Struggling To Bridge the Casual-Hardcore Game Gap
With the advent of the Wii and the upcoming motion control systems from Sony and Microsoft, console makers are expanding the gaming population to include vast numbers of casual players. Their problem now, according to this editorial at Eurogamer, is that there doesn't exist a broad selection of games between the simple, introductory titles and the complex, hardcore ones, which tends to limit how deep new players will venture into the gaming ecosystem. Quoting:
"... it needs software that spans the gap between the two camps of offerings which are emerging on Xbox 360 — games that encourage players of Dance Central or Your Shape to move upstream and explore. It's unlikely, perhaps, that they'll ever end up curb-stomping crinkle-faced nasties in Cliff Bleszinski's latest, but we're a long way past the point of the Xbox being all about shooting and driving, even if the public perception hasn't quite moved with the software line-up. The long-term challenge for the games market must, ultimately, be to emulate the success which other mediums have had in creating markets where consumers routinely and happily move between genres, and where franchises which would be pigeonholed as 'hardcore' in the games world nestle comfortably in people's DVD collections alongside those which would be dismissed as 'casual.'"
About transitioning people from Monopoly to Settlers of Cataan to Dungeons and Dragons to tabletop gaming?
Now the people that are playing "casual" games would much prefer watching TV over gaming.

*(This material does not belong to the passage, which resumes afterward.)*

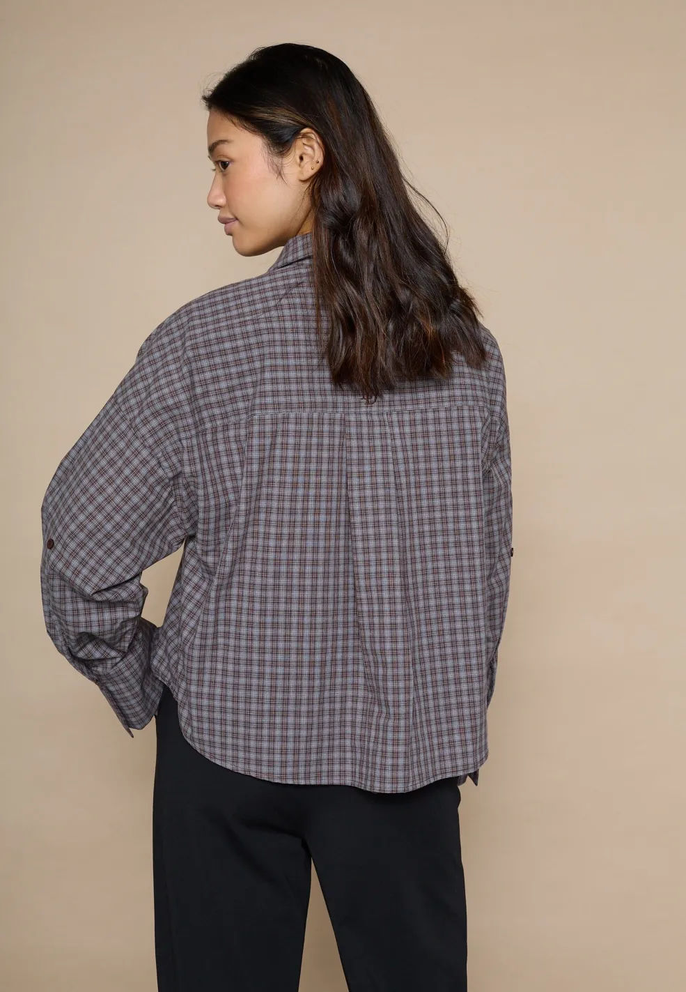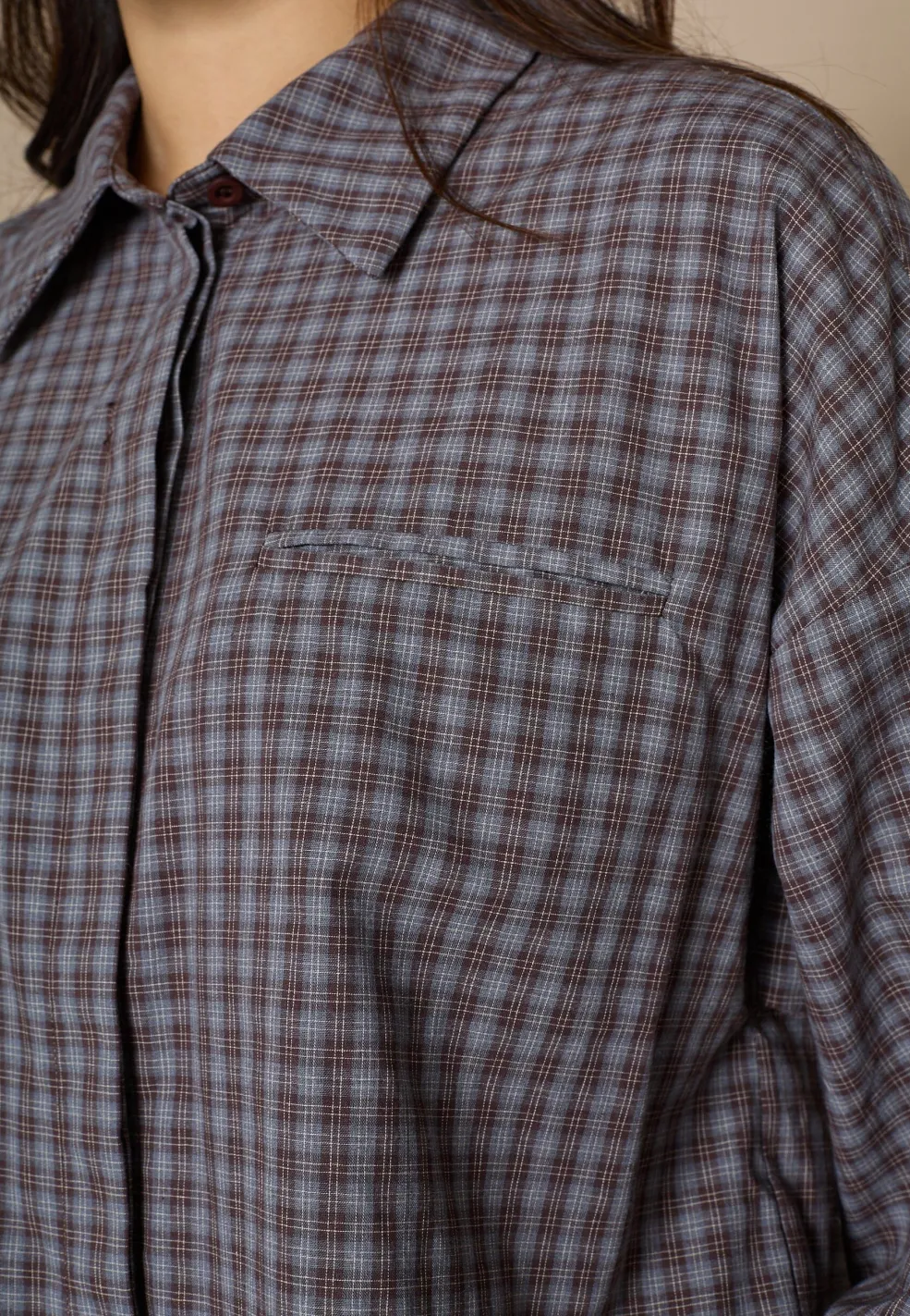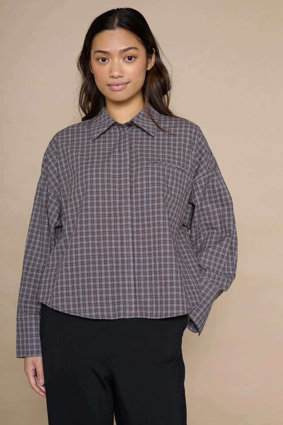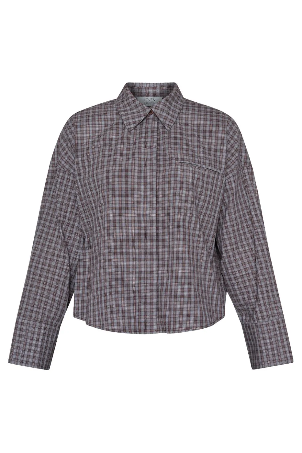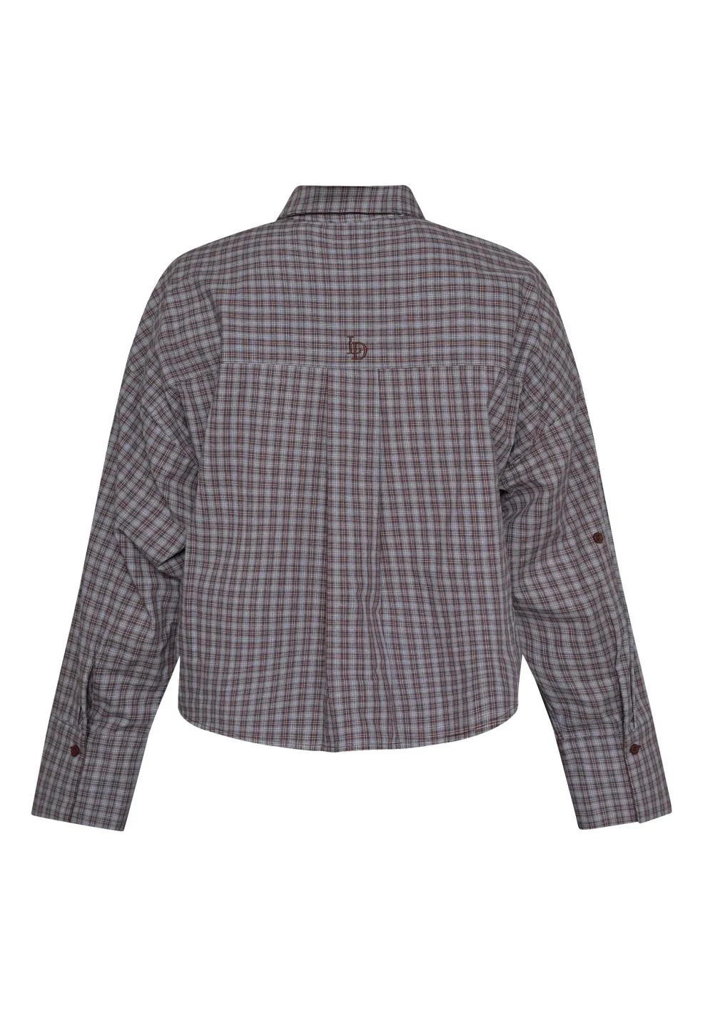 En brunternet skjorte fra Love & Divine, lavet af 100 % bomuld i en kombination af brune og grå tern.

Those people will never be able to be converted to a more involved type of game.
Look at all the people that play Farmville. My wife even got into it and she HATES video games. And after a short time she bailed on it. Why? because she doesn't want to invest time into a useless endeavor.
Give her something more complex that might not be a "waste of time" and she gets frustrated because she wants a zero learning curve. Zero learning curve tends to mean something less then advanced. It's an evil little circle that might be impossible to overcome.
The untapped market will more likely than not remain untapped.
Fear Is the Only God
I absolutely disagree with you.
As someone who used to be hardcore into ID Software FPS titles, now that I am an adult with more responsibilities, it is harder to dedicate that much time towards finding a another freaking Intel Item, hidden obscurely in some level somewhere.
If I cannot play for 15-20 minutes and abort where I am at, without suffering huge penalties, I am not going to ever finish that game.
I am much more interested in quick games on my iPad, but wouldn't mind if they had a little more depth. Save the super hardcore games for the high school kids, but give us more than Poppit.